Tenth Heritage Language Research Institute

Heritage Language Education and Research: Crossing New Frontiers

professional development \ institutes \ 2017 institute

Go back to abstract list

Building an audio-aligned parsed corpus of bilingual Russian child and child directed speech (BiRCh)

by Irina Dubinina & Sophia Malamud (Brandeis University)

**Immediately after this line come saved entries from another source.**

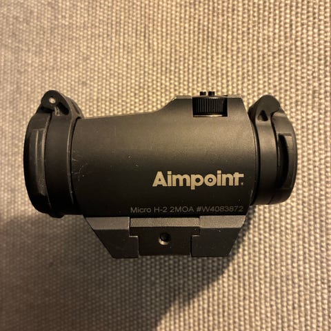 Säljer en Aimpoint Micro H-2 med 2 MOA prick. Ett av marknadens mest pålitliga och kompakta rödpunktssikte – används av både militär och jägare världen över. Medföljer Picatinny-fäste. Säljes då jag aldrig kommer ut och jagar längre. Inköptes 2024 och i princip oanvänd då det knappt blivit någon jakt senaste åren. Kan skickas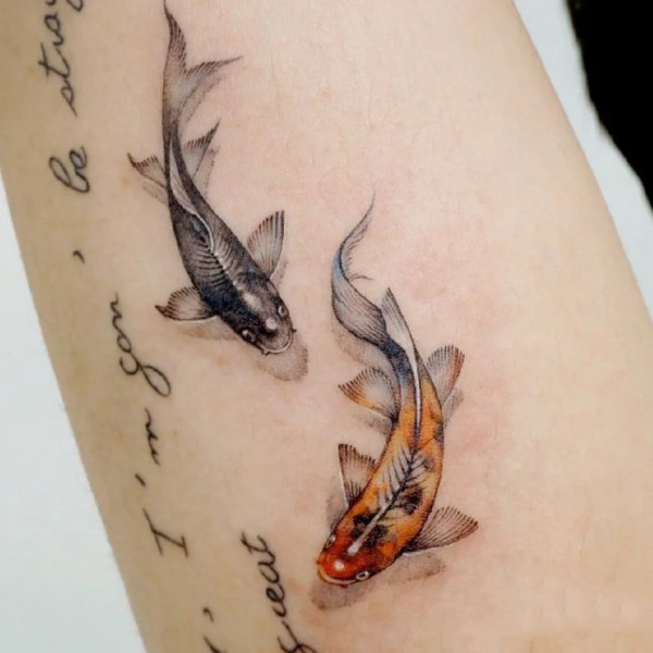 金鱼纹身 漂亮的9张唯美彩色小金鱼纹身图案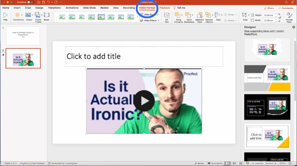Whether you inserted or embedded your video into your presentation, you can use the Video Format tab to adjust how your video appears. You can add text and play around with how the video appears on screen.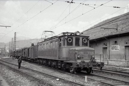 Locomotora 7100 de la Compañía del Norte, fotografiada en Ripoll. Fotografía de Trevor Rowe, Archivo EuskoTren/Museo Vasco del Ferrocarril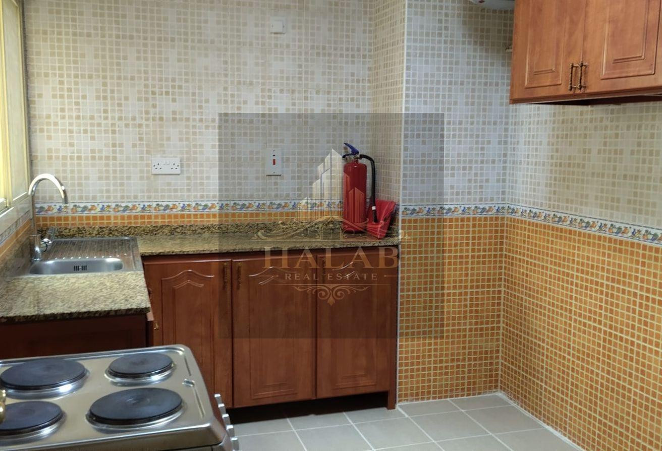 Fully furnished one-bedroom and living room, standard brick construction, with separate kitchen and bathroom, including split AC, in Al Kharaitiyat, inside a villa, 3300 QAR, unfurnished, 2800 QAR, first floor, front entrance, opposite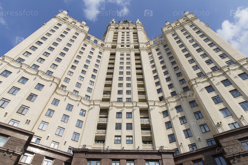 Россия.Москва.Здание многоэтажного жилого дома на Котельническом набережной.Россия.Москва. Здание высокогорного жилого здания на Kotelnicheskaya заборе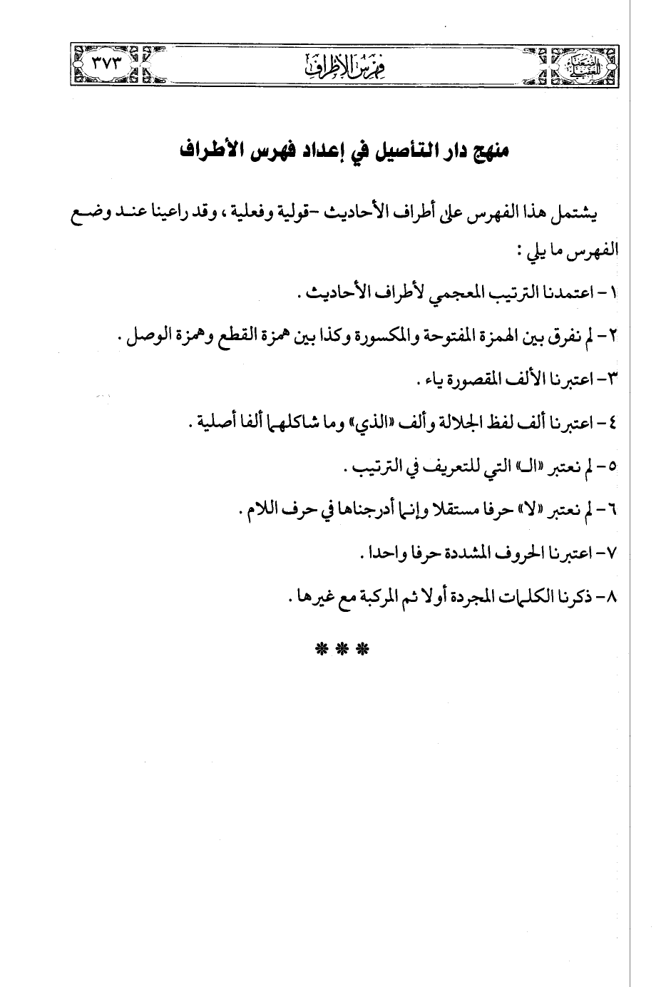 يشتمل هذا الفهرس على أطراف الأحاديث -قولية وفعلية، وقد راعينا عند وضع الفهرس ما يلي:

At the HLI 2016, we reported on the first stages of a project that aims to build a corpus of bilingual child and child-directed speech. We report on new developments based on a year of research and pilot transcription and annotation. Data collection has grown to include more families in the U.S. and Germany, and to add families from Ukraine as the closest dialectal match for children of Russian-speaking immigrants from Ukraine. Some families will record on a more continuous schedule in order to increase the speech sample above 1% of the current rate (cf. Behrens, 2008). We standardized the spelling of pause fillers, explored ways of marking so-called editing phrases and pause fillers (cf. Ginsburg et al., 2014), and adopted the typology of disfluencies in Hindle (1983) which is shared with other, recent and in-progress, audio-aligned parsed corpora (Appalachian English, NYC English, AAVE). Significant new developments include adding sociolinguistic information on participating families (employing the Utrecht Bilingual Language Exposure Calculator), pilot morphological annotation, and work on creating a hybrid syntactic annotation system that include both the constituency information of the Penn-Helsinki standard and the dependency information of the SynTagRus and Russian National Corpus (Lưu, Malamud, & Xue, 2016).